UW–Madison test-optional admissions policy extended through summer 2023
For the next two fall enrollment cycles, undergraduate applicants to the University of Wisconsin–Madison will not be required to submit ACT or SAT scores. This is an extension of the university’s previously announced decision to suspend the requirement through Dec. 31, 2020.
The extended test-optional approach, which required and received approval from the UW System Board of Regents Thursday, will affect first-year applicants for spring 2021 through summer 2023. This will include seniors currently applying and current high school juniors.
The move to a test-optional approach for at least two years reflects both an immediate response to disruptions caused by COVID-19 and a broader desire by the university to study over time how such a policy might alter the composition of its incoming classes. Data gathered and analyzed by university researchers will help determine whether UW–Madison returns to a standardized test requirement.
Under the revised approach, freshman applicants will not be penalized for their inability to take and submit test scores due to cancellations or significant delays in testing from the testing agencies themselves during the stated time period.
In the upcoming enrollment cycles, applicants who’ve taken the ACT or SAT will have the option to self-report their scores if they believe it adds to the totality of their academic record.

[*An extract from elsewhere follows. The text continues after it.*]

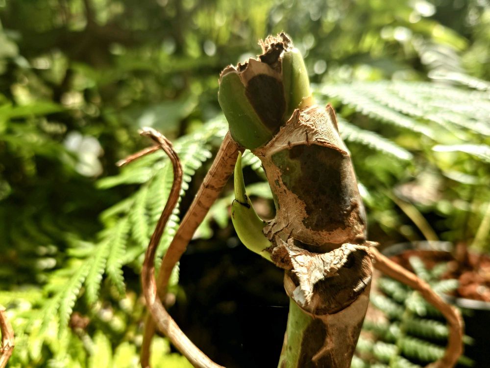カリバナス君は特に変化なし。1ヶ月前に家に来たエスキナンサスもパッと見、変わり映えしませんが新葉は出て来てます。冬に大ダメージを受けたモンステラは思い切って剪定して、天芽挿し。残った方はそのままにしていたら、こっちも新しい芽が出て来ました。楽しいですね。

“While test scores have been a requirement for an admissions decision, they have always been only a portion of the holistic review we give each and every applicant to UW–Madison,” stated André E. Phillips, director for admissions and recruitment. “We have never had minimums or ranges for ACT or SAT scores. Our team is trained to review every aspect of a student’s application — including the context of their school and their individual story — to find students who are best able to succeed at our university and who will exemplify the Wisconsin Idea. Our team will be further trained to not make judgements about the presence or lack of test scores in a prospective student’s application so that no one is disadvantaged by not providing scores.”
Admissions counselors will continue to evaluate all elements of a student’s application and will focus on the materials required to complete an application for a holistic admissions review. These include the applicant’s high school grades and coursework, an academic letter of recommendation to provide insight from a counselor or teacher, the student’s involvement and commitments outside of the classroom, and the student’s educational goals and life experiences as told through their admissions essays. If a student opts to have test scores included in the review, the scores will be considered as a part of the larger holistic evaluation, along with any other supplemental information provided by the applicant.

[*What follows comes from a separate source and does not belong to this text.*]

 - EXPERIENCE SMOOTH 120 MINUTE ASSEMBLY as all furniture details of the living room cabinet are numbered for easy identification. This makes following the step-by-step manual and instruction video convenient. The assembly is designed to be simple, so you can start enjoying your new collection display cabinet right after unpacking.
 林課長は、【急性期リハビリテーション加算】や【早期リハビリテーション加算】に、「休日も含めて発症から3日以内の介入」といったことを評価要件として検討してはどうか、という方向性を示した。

The initial waiver through Dec. 31, 2020, allowed fall applicants from this year’s class of graduating high school seniors to be moved through the admissions process without being penalized for being unable to sit for the SAT or ACT. The Division of Enrollment Management and the University of Wisconsin–Madison wished to extend the waiver in order to compile data to educate and inform the future of the ACT and SAT test requirements for admission.
“COVID-19 has made it extremely challenging for many students to take the ACT or SAT,” says Derek Kindle, vice provost for enrollment management. “So first and foremost, this is a necessary decision to ensure that we accommodate our applicants. Additionally, we view this as a unique opportunity to better understand, through rigorous research, the impact of standardized tests on our admissions process and whether it makes sense to continue requiring them.”
The Student Success Through Applied Research (SSTAR) Lab, which is housed in the university’s Office of Student Financial Aid, will handle the data gathering and evaluation related to the test-optional approach. The lab is directed by Nicholas Hillman, an associate professor of educational leadership and policy analysis.